Biden said that, following calls with numerous world leaders, he and his administration hope “to begin re-forming the habits of cooperation and rebuilding the muscles of democratic alliances that have atrophied from four years of neglect and abuse.”
It’s a signal both expected and welcomed by many abroad. Biden has already rejoined the Paris climate agreement, rescinded the United States’ withdrawal from the World Health Organization and pledged greater U.S. aid to poor countries combating the coronavirus pandemic. On Thursday, his administration announced plans to restore the U.S. refugee resettlement program to levels higher than those even under the Obama administration.
Echoing his rhetoric on the campaign trail, Biden also spoke of bolstering democracy at home and abroad, and of confronting the autocratic influence of single-party states like China. “American leadership must meet this new moment of advancing authoritarianism, including the growing determination of China to rival the United States, and the determination of Russia to damage our democracy,” Biden said, concluding his remarks by reiterating his intent to reclaim the “mantle” of global leadership.
There’s no doubt that most European leaders are relieved by the vision and commitments of the new U.S. administration. But that doesn’t mean they will follow Biden’s lead in lockstep on the world stage. The ultranationalism of former president Donald Trump and the bruising experience of Brexit further convinced officials in Berlin, Paris and Brussels of the need to pursue a more independent European approach and to build greater capacity for self-reliance after more than half a century of sheltering beneath the American security umbrella.
In remarks aired Thursday during a dialogue with the Atlantic Council, French President Emmanuel Macron cheered Biden’s arrival, but emphasized his vision of “European sovereignty,” where the continent takes more ownership of its security and more proactively reckons with crises in its neighborhood, from North Africa to Russia’s borderlands.
“Some leaders, some players in Europe, could be convinced that a realignment of the agenda with new U.S. administration should weaken our strategic autonomy or at least reduces … the relevance of such a strategy,” he said. “I don’t believe [for] one second it’s the case.”
The experience of the Trump years has shifted Europe’s strategic thinking. The dramatic Jan. 6 storming of the Capitol reflected not just the volatility of U.S. politics, but the extent to which domestic polarization could subsume future foreign policy. “It showed how fragile democracy can be, not just in the United States but here as well,” Anna Stahl, a Berlin-based analyst, told New York magazine. “And one lesson from that could be, in addition to the fact that the U.S. is divided, that we need to focus more on European solidarity.”

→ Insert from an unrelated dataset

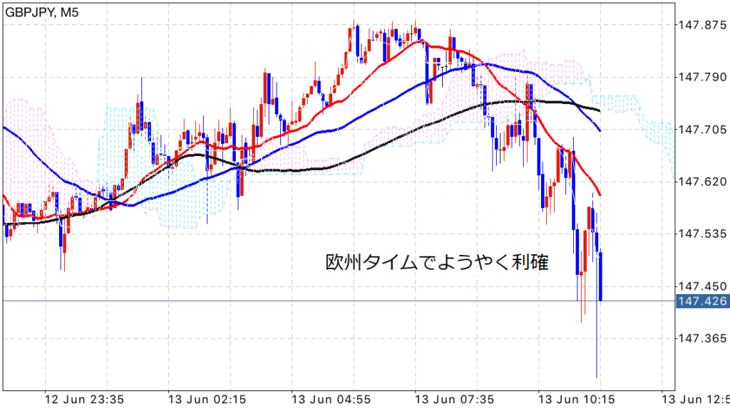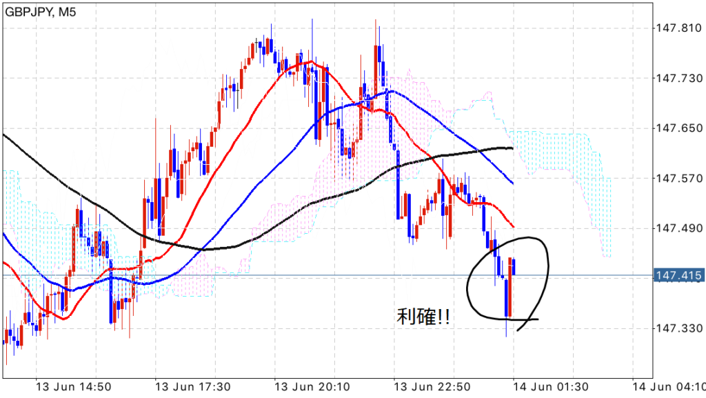 今回は遅れながら、先週の6/12と6/13に同様の展開をしているM.N.過ぎの相場で利益を上げたので紹介します(`・ω・´)ゞ

Macron said Europeans should be wary of finding themselves in situations where they are dependent on U.S. decision-making, “because any U.S. decision which is democratic could be led by a domestic approach, could be led by a domestic agenda, and obviously the reasonable weight of the U.S. interests … could not be exactly the same as the European one.”
Then there’s the question of Europe’s approach to China. The Biden administration has adopted a hawkish pose similar to its predecessor, and there’s constant talk in Washington of building a reinvigorated alliance of democracies that may more directly confront Beijing.
That’s not something the Europeans are excited about. “I would very much wish to avoid the building of blocs,” German Chancellor Angela Merkel told the World Economic Forum last week. “I don’t think it would do justice to many societies if we were to say this is the United States and over there is China and we are grouping around either the one or the other.”
Macron echoed this sentiment Thursday, arguing that a scenario “where we join all together against China” would be “counterproductive.” At the same time, he also rejected the assumption that Europeans saw themselves as equidistant or neutral in the growing rivalry between the old American hegemon and the emerging Chinese leviathan. China, in Macron’s words, is a “competitor” and “systemic rival,” even as it may also be a “partner” to Europe when it comes to global action on climate change.
In practice, though, that’s a tricky tightrope to walk. This week, the E.U.’s Green Deal chief, Frans Timmermans, came under fire for not raising the question of human rights in a teleconference with Chinese Vice Premier Han Zheng on climate policy. “China is seeing it from a competitive angle,” Janka Oertel, director of the Asia program at the European Council on Foreign Relations, told Politico Europe. “If we approach this from a slightly naive, mere climate angle, we will be outsmarted by the Chinese side relatively quickly.”
Some analysts also scorned an investment deal the E.U. recently signed with China that took place without consultation with the incoming Biden administration. “Europe has made its views crystal clear,” wrote Wall Street Journal columnist Walter Russell Mead. “Uighurs, Hong Kong and the growing military threats in and around the South China Sea matter much less to European policy makers than their commercial interests do.”
Macron shrugged away such criticism. He said the E.U.-China pact was “not a transformational deal.” It provided Europe important access to the Chinese market and secured China’s commitments to certain international labor practices. If nothing else, said Macron, “this is a test of the reality of a good-faith discussion” with Beijing.